Clementina se armó de valor y en pleno acto de estupro agarró la cabeza de
don Mateo y la azotó contra la suya. Don Mateo comenzó a dar de gritos por
todo el cuarto y Clementina aprovechó para salirse semidesnuda gritando que
aquel señor la estaba forzando a tener sexo. Los alaridos de Clementina fueron
tan altos que ahora sí toda la hacienda se alarmó, incluyendo a Marie, quien se
levantó sabiendo lo que tanto había temido en sus noches de desvelo.
Marie Auttier, al escuchar los gritos de Clementina, estaba hecha un mar
de furia. Salió con el cabello alborotado y vio a Clementina trastabillando y
llorando en el pasillo principal. Marie tomó a Clementina por los hombros y le
dio una bofetada para que volviera en sí.
̶ ¿Qué sucedió? ̶ inquirió Marie con un fuerte acento francés.
Clementina no paraba de llorar y solo se le entendía que había sido el
señor. Marie, al escuchar eso, se fue al despacho y agarró una escopeta.
Andaba colérica por los pasillos sosteniendo en la mano derecha la calibre
dieciséis y gritando por todo el ámbito: “Je vais te tuer, connard de merde!”.
Mateo Raudal había huido del cuarto y se internó en los cañaverales.
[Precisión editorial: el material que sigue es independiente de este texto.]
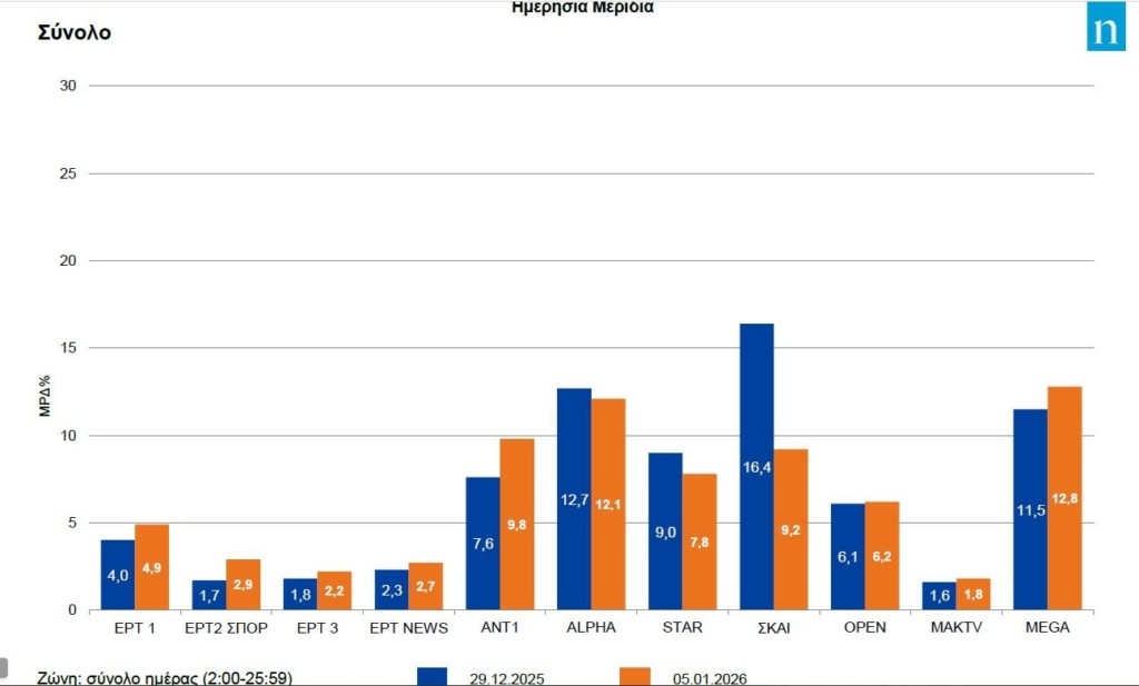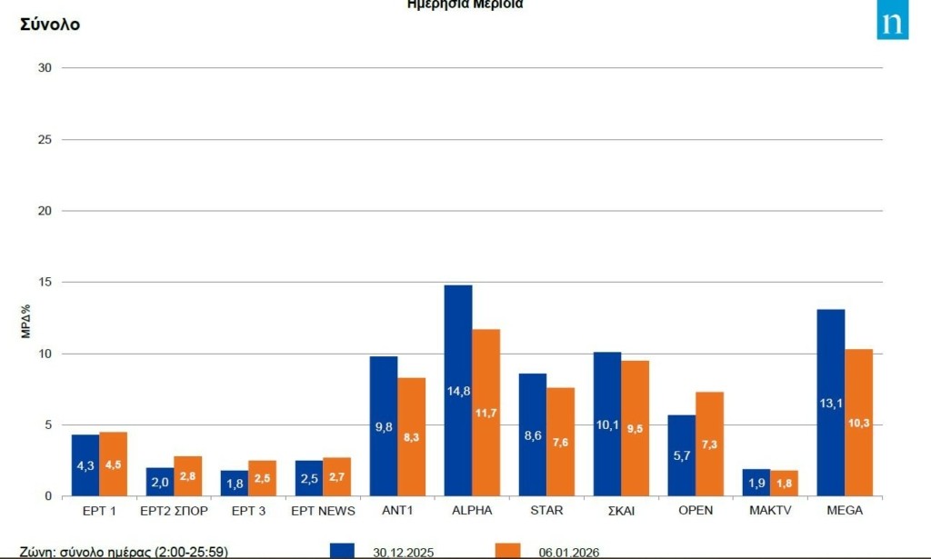 Με εξαίρεση τα κανάλια της ΕΡΤ τα οποία, όπως φαίνεται και από τις μετρήσεις της Nielsen, έχουν το δικό τους κοινό, στον υπόλοιπο ανταγωνισμό διαμορφώθηκαν κυρίως πτωτικές τάσεις τηλεθέασης με εξαίρεση τον ΣΚΑΪ και το Open που είχε και την μεγαλύτερη μεταβολή στο μερίδιο του (+1,1%) από τη μία ημέρα στην επόμενη.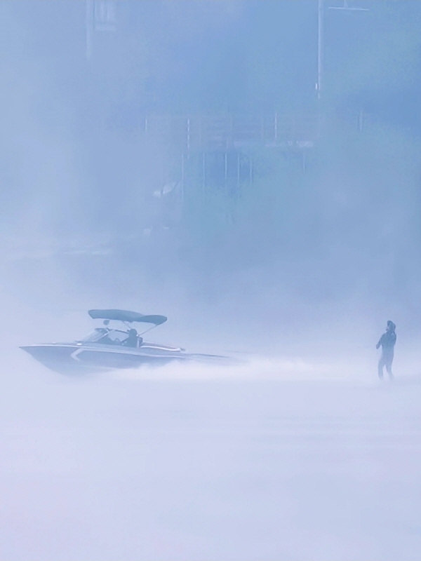 물안개 가득한 이른 아침, 우륵대교 아래서 한 남성이 수상스키를 타고 있는 모습.

Marie
lo anduvo buscando toda la noche, pero no lo encontró y disparó cuatro veces
al cielo para descargar su coraje. Al escuchar las detonaciones, el cura del
pueblo, por su parte, pensó que ese era el día de la asunción de la Virgen de la
Pradera, así que se levantó a las tres menos cuarto para llamar a misa. Esto
confundió al pueblo porque a las cuatro todos se congregaron en la iglesia para
rezar sin motivo real.
Cuando Marie regresó de su búsqueda inútil, todavía alcanzó a ver a
Clementina sollozando con los trapos desgarrados por las sucias manos de don
Mateo. Esa noche, la pobre cocinera fue echada de la hacienda a culatazos.
A los tres días regresó cástula y encontró a Clementina tirada en la cama,
sin bañarse y con la cara hinchada de tanto llorar. Le contó todo a la curandera
y ésta se enojó tanto que fue a la hacienda a reclamarles, pero nadie le abrió.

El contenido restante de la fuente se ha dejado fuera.